Top of Dataset records
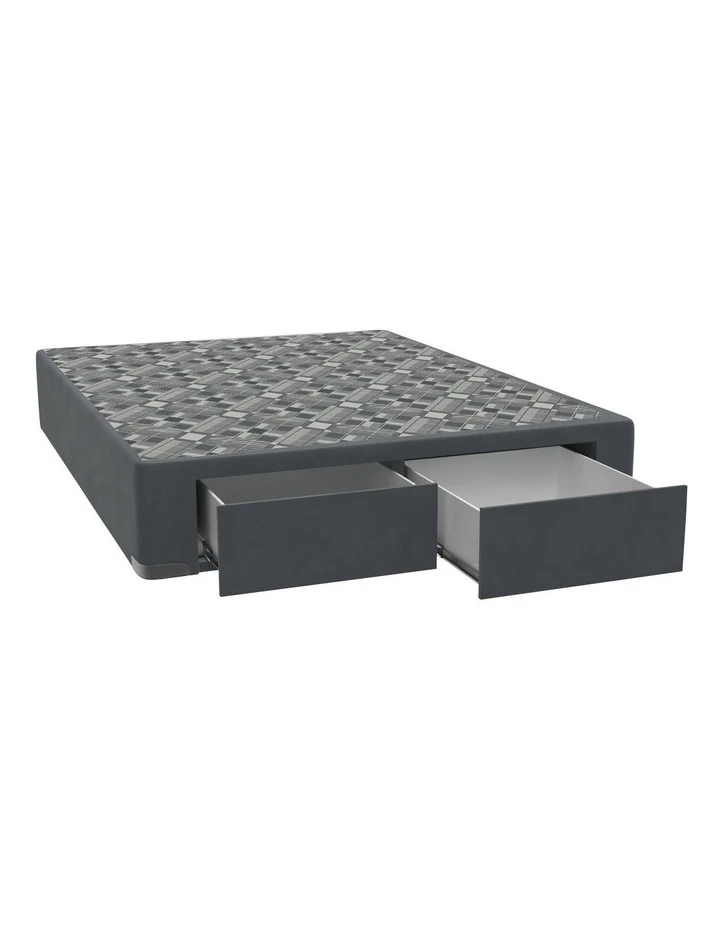 Lead Velvet Base with Foot End Drawers comes with Headboard Bracket Attachment. All wood construction using a composite of Kiln dried Australian plantation pine and engineered plywood. Each frame is meticulously hand assembled with fully glued joints to ensure it stands the test of time. Traditional upholstery techniques are applied by our team of qualified tradesmen, delivering a hand tailored piece of furniture of exceptional quality and timeless appeal.
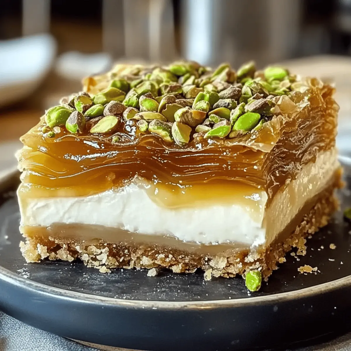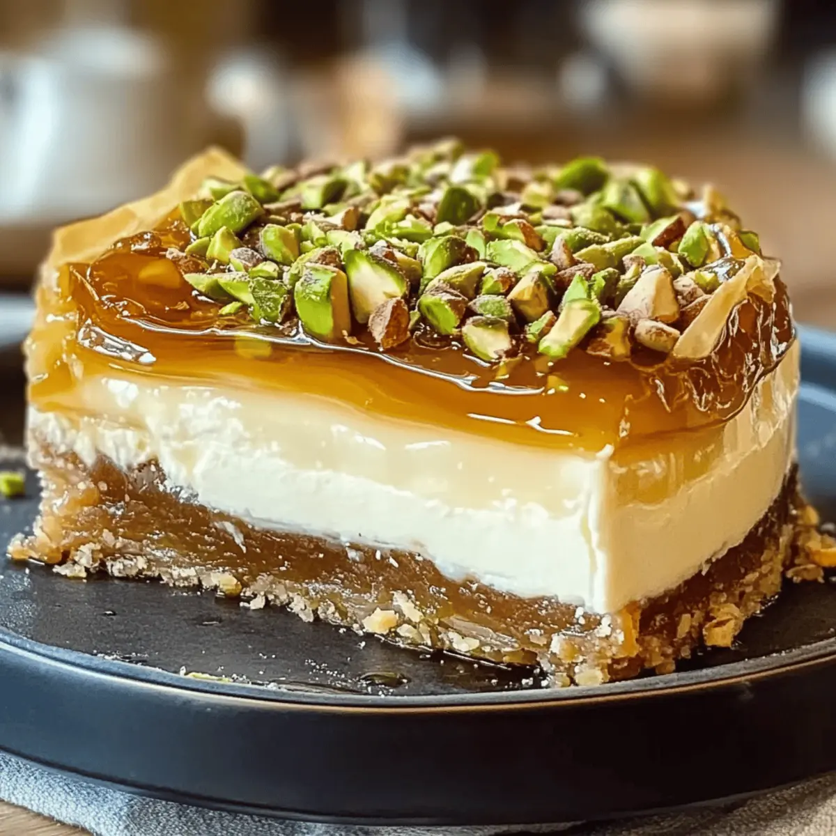 Luxurious Fusion: The Honey Pistachio Baklava Cheesecake blends Eastern and Western flavors beautifully, combining creamy cheesecake with the crispy delight of baklava.
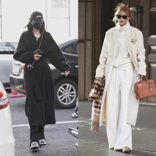 在大衣的颜色选择上,她们更喜欢一些简单的颜色,比如黑、白、灰、驼色,这些颜色非常地百搭,而且搭配出来的效果非常干净高级。
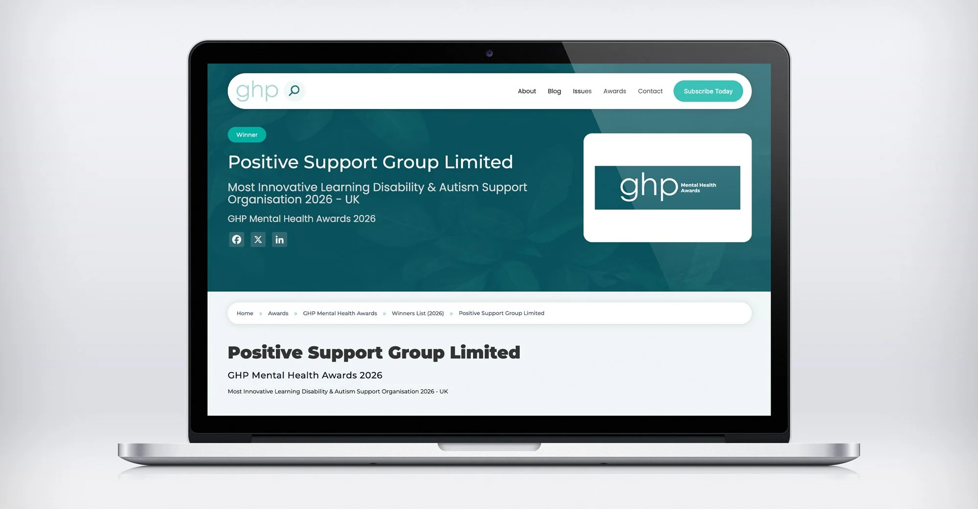 We are delighted to share that Positive Support Group has been recognised as a winner in the Global Health & Pharma (GHP) Mental Health Awards 2026, receiving the title Most Innovative Learning Disability & Autism Support Organisation 2026 – UK.
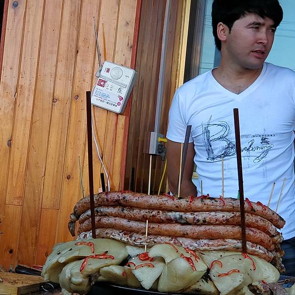 8.8,坐着火车游新疆,还是双层的旅游专列,这很可以,哈哈~双层旅游专列上的枕头新疆和北京有着两个小时的时差,所以,北京时间的六点就是新疆时间的四点,下图是伊宁新疆时间四点钟的样子。这一天里认识了大安妹子,除了睡觉,就只剩下吃了。。。1元1公斤的西瓜,在伊宁的日子里一天一个,用勺子挖着吃,爽歪歪手工冰激凌,一碗5元,1个球1元钱 话说卖冰激凌的小弟弟贼帅,长长的睫毛,大大的眼睛,立体的五官,脸皮厚如我也还是没好意思拍照市场里的羊肉串,分肉块的大小算钱,我买了5元一串的大安心念念的烤鱼,卖鱼的小哥哥还主动让价~~请重点关注吃的哈,忽略我偷拍时老板略带忧郁的眼神~~烤包子路边的野果子青旅里的苹果树,美女老板人很好,随便摘~青旅苹果树上摘的苹果 8月初的苹果还是带着一点点酸涩的呢
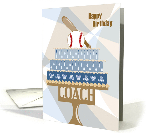 | Artist Notes: | Happy Birthday card for baseball sports Coach. Bat and baseball on top of a three tiered decorated cake with pedestal. |
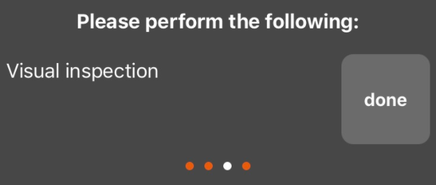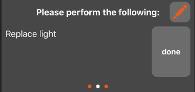 Allows for marking an asset as "Faulty". Other devices that are in Ad-hoc mode or Mapview will see the asset as red and will know that it needs to be replaced. Replace (QR) identifier Allows for replacing the Asset identifier - QR code. Which can be used to easily identify asset within a building where no accurate location positioning is possible. Report Observation Creating an observation for that asset. Open in Web Currently not usable from the phone - as the mobile version of the web app version is not ready yet. | Perform maintenance task by ad-hoc. You can edit the task to be performed by use of the edit button. Overview of sub-tasks to be performed
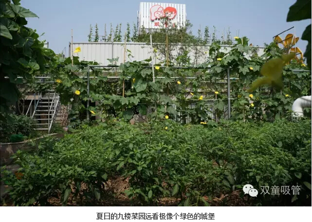 “雙童”的屋頂菜園有700多平方米,上下錯(cuò)落,分為四層,如同一個(gè)精致的梯田,到了夏日,濃蔭密布整個(gè)九樓菜園,遠(yuǎn)看極像一個(gè)綠色的城堡。
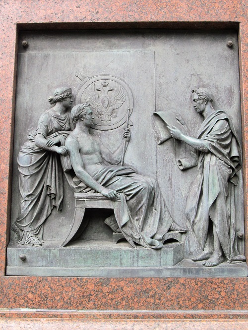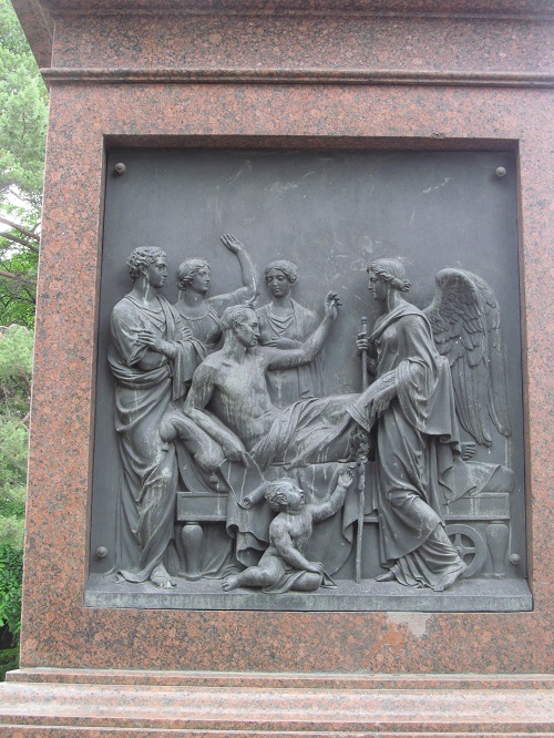 Южный горельеф памятника, запечатлевший Николая Михайловича на смертном одре, ваял скульптор Николай Алексеевич Рамазанов (1817 – 1867), отметившийся рельефами на постаменте памятника Николаю I на Исаакиевской площади в Санкт-Петербурге. Теперь герой – Карамзин, и потому он обнажён и расположился на ложе. Император Николай I горячо сочувствовал больному историку. Он готов был снарядить корабль, чтобы отправить его на лечение в Италию, распорядился выдать ему единовременно 50 000 рублей – например, Симбирский губернатор получал всего-то 3000 в год – и установил ежегодный пенсион для несовершеннолетних детей историографа: он был многодетным отцом, и шестеро детей от двадцати до пяти лет претендовали на царские щедроты.
Bottom of Dataset records
> _What the task requires_
Reproduce each record from above exactly; pictures do not belong in the copy.

> _Reply to the exercise_
 Lead Velvet Base with Foot End Drawers comes with Headboard Bracket Attachment. All wood construction using a composite of Kiln dried Australian plantation pine and engineered plywood. Each frame is meticulously hand assembled with fully glued joints to ensure it stands the test of time. Traditional upholstery techniques are applied by our team of qualified tradesmen, delivering a hand tailored piece of furniture of exceptional quality and timeless appeal.
 Luxurious Fusion: The Honey Pistachio Baklava Cheesecake blends Eastern and Western flavors beautifully, combining creamy cheesecake with the crispy delight of baklava.
 在大衣的颜色选择上,她们更喜欢一些简单的颜色,比如黑、白、灰、驼色,这些颜色非常地百搭,而且搭配出来的效果非常干净高级。
 We are delighted to share that Positive Support Group has been recognised as a winner in the Global Health & Pharma (GHP) Mental Health Awards 2026, receiving the title Most Innovative Learning Disability & Autism Support Organisation 2026 – UK.
 8.8,坐着火车游新疆,还是双层的旅游专列,这很可以,哈哈~双层旅游专列上的枕头新疆和北京有着两个小时的时差,所以,北京时间的六点就是新疆时间的四点,下图是伊宁新疆时间四点钟的样子。这一天里认识了大安妹子,除了睡觉,就只剩下吃了。。。1元1公斤的西瓜,在伊宁的日子里一天一个,用勺子挖着吃,爽歪歪手工冰激凌,一碗5元,1个球1元钱 话说卖冰激凌的小弟弟贼帅,长长的睫毛,大大的眼睛,立体的五官,脸皮厚如我也还是没好意思拍照市场里的羊肉串,分肉块的大小算钱,我买了5元一串的大安心念念的烤鱼,卖鱼的小哥哥还主动让价~~请重点关注吃的哈,忽略我偷拍时老板略带忧郁的眼神~~烤包子路边的野果子青旅里的苹果树,美女老板人很好,随便摘~青旅苹果树上摘的苹果 8月初的苹果还是带着一点点酸涩的呢
 | Artist Notes: | Happy Birthday card for baseball sports Coach. Bat and baseball on top of a three tiered decorated cake with pedestal. |
 Allows for marking an asset as "Faulty". Other devices that are in Ad-hoc mode or Mapview will see the asset as red and will know that it needs to be replaced. Replace (QR) identifier Allows for replacing the Asset identifier - QR code. Which can be used to easily identify asset within a building where no accurate location positioning is possible. Report Observation Creating an observation for that asset. Open in Web Currently not usable from the phone - as the mobile version of the web app version is not ready yet. | Perform maintenance task by ad-hoc. You can edit the task to be performed by use of the edit button. Overview of sub-tasks to be performed
 “雙童”的屋頂菜園有700多平方米,上下錯(cuò)落,分為四層,如同一個(gè)精致的梯田,到了夏日,濃蔭密布整個(gè)九樓菜園,遠(yuǎn)看極像一個(gè)綠色的城堡。
 Южный горельеф памятника, запечатлевший Николая Михайловича на смертном одре, ваял скульптор Николай Алексеевич Рамазанов (1817 – 1867), отметившийся рельефами на постаменте памятника Николаю I на Исаакиевской площади в Санкт-Петербурге. Теперь герой – Карамзин, и потому он обнажён и расположился на ложе. Император Николай I горячо сочувствовал больному историку. Он готов был снарядить корабль, чтобы отправить его на лечение в Италию, распорядился выдать ему единовременно 50 000 рублей – например, Симбирский губернатор получал всего-то 3000 в год – и установил ежегодный пенсион для несовершеннолетних детей историографа: он был многодетным отцом, и шестеро детей от двадцати до пяти лет претендовали на царские щедроты.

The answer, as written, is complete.